I experienced a hurricane in 1991 and I well remember the excitement. I was in Nantucket when one of my neighbors, a friend from New Jersey, called to tell me that she was taking her daughter into their cellar when the storm hit. She wanted me to know where they had gone if -- well -- the worst happened. I asked a friend of mine from North Carolina who had experience with hurricanes what I should do to prepare. She told me in her southern drawl that her son Bubba had gone to the liquor store to lay in some gin and she had a ham in the oven. She'd inventoried her candles and was getting ready to party when the big storm hit. I decided right then and there that when the apocalypse comes, I want to be with the southerners.

Irene may hit the south first this time, and I don't want to make light of its real risks and threat of tragedy. A hurricane can be hellish and deadly, I learned listening to survivors' stories. Its devastation came to my attention again in my upcoming biography of the Standard oil heiress, Millicent Rogers.
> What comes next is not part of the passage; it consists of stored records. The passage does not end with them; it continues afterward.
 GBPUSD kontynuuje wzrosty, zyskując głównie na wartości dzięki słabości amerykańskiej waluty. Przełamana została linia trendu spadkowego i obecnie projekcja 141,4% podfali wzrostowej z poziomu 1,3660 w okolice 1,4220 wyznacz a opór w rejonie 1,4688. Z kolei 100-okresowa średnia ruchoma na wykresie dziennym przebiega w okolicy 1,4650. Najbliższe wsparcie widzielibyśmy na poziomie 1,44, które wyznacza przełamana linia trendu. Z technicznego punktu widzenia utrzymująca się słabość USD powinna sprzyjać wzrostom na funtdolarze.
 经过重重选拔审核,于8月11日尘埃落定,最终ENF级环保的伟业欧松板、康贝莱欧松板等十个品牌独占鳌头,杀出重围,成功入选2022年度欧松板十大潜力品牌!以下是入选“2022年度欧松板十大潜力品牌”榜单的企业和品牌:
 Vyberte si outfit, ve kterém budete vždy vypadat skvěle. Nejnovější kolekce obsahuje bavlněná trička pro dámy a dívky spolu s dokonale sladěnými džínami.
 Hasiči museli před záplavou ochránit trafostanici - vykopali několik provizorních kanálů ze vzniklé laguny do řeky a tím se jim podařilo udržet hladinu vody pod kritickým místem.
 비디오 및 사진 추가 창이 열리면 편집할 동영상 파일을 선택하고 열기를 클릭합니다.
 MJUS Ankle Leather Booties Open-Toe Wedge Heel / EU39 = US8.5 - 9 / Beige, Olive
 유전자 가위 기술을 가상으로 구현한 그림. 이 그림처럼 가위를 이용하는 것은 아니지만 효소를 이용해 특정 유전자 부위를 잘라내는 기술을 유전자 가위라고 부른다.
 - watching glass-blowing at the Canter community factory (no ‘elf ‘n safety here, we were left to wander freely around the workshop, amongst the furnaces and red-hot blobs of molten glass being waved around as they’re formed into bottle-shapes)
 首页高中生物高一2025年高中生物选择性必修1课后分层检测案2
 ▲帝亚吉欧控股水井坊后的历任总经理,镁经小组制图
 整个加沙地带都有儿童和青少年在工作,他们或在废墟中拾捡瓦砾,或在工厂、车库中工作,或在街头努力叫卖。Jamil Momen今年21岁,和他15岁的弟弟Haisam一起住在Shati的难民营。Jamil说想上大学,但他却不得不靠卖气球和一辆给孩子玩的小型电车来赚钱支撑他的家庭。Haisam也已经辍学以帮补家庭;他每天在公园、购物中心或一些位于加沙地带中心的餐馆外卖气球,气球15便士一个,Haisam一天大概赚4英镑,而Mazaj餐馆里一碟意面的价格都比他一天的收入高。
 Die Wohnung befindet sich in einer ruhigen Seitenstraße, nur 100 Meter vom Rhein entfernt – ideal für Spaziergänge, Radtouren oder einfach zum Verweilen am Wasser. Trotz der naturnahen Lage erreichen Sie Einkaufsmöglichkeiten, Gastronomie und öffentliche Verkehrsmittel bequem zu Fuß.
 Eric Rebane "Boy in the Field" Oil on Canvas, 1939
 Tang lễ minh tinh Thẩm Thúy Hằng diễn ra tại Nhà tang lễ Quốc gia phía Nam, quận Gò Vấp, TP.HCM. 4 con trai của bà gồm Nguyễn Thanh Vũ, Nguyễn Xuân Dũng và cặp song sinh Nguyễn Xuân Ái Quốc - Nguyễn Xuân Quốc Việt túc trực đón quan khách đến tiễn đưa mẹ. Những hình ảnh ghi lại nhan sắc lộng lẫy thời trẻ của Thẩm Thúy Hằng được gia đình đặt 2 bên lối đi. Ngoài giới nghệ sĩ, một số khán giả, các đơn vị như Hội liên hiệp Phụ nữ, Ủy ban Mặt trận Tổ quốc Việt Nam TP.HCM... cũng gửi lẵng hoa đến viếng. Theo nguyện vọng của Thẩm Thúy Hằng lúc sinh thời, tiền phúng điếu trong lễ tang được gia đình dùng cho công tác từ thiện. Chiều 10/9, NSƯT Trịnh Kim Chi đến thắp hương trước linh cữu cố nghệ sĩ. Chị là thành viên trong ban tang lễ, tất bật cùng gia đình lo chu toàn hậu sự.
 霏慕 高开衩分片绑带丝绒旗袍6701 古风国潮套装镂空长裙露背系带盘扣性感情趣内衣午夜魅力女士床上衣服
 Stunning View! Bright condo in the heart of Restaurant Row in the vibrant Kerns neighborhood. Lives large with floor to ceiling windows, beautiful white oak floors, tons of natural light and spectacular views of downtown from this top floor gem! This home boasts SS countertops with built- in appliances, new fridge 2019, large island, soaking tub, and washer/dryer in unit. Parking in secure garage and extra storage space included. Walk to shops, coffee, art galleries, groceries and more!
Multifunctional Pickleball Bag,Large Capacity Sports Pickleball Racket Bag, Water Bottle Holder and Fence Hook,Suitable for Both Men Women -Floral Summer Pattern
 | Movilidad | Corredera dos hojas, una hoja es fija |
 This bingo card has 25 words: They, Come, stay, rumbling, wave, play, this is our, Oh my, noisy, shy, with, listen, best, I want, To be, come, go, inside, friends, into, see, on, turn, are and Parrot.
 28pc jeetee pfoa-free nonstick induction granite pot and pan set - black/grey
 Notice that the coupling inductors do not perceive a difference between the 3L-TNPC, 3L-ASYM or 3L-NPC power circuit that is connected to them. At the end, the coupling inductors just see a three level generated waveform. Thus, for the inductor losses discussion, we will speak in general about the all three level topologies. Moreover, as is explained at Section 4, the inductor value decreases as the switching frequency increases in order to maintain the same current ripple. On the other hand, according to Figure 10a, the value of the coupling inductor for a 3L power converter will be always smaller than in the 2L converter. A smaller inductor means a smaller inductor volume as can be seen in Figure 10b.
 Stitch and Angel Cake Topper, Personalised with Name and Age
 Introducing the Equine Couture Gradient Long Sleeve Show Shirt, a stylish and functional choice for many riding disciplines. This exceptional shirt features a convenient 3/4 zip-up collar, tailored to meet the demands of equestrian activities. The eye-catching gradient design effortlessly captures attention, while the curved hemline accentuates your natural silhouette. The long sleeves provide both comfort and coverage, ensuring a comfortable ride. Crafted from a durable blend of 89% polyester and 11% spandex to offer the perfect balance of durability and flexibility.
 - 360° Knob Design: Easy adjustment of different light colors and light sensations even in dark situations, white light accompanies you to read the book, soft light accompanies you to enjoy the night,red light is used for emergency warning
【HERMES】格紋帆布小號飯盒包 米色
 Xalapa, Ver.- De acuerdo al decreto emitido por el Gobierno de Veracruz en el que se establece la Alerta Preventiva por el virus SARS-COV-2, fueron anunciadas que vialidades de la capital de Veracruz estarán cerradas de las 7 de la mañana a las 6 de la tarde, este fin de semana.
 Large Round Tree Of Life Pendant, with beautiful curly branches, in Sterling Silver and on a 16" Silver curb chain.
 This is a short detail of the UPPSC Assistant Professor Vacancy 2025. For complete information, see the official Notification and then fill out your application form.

Her family's grand estate, modeled on an Italian palazzo, was washed out by GH38.

We all watched the deadly specter of Katrina, which was well forecast.

In 1938 the scope of the disaster that hit New England was overshadowed by world events. Hitler marched into Czechoslovakia and stole the headlines. With only sketchy media coverage, the rest of the country didn't know how deadly the storm had been. It wasn't like Katrina, which every American experienced vicariously on some level. There is no chance of that with Irene. If it hits New York, the world will know. We know already. If it goes out to sea, we'll know that too. There'll be plenty of time to refocus on job reports.

Cherie Burns is the author of The Great Hurricane: 1938. Her upcoming book, Searching for Beauty--the Life of Millicent Rogers will be published September 13.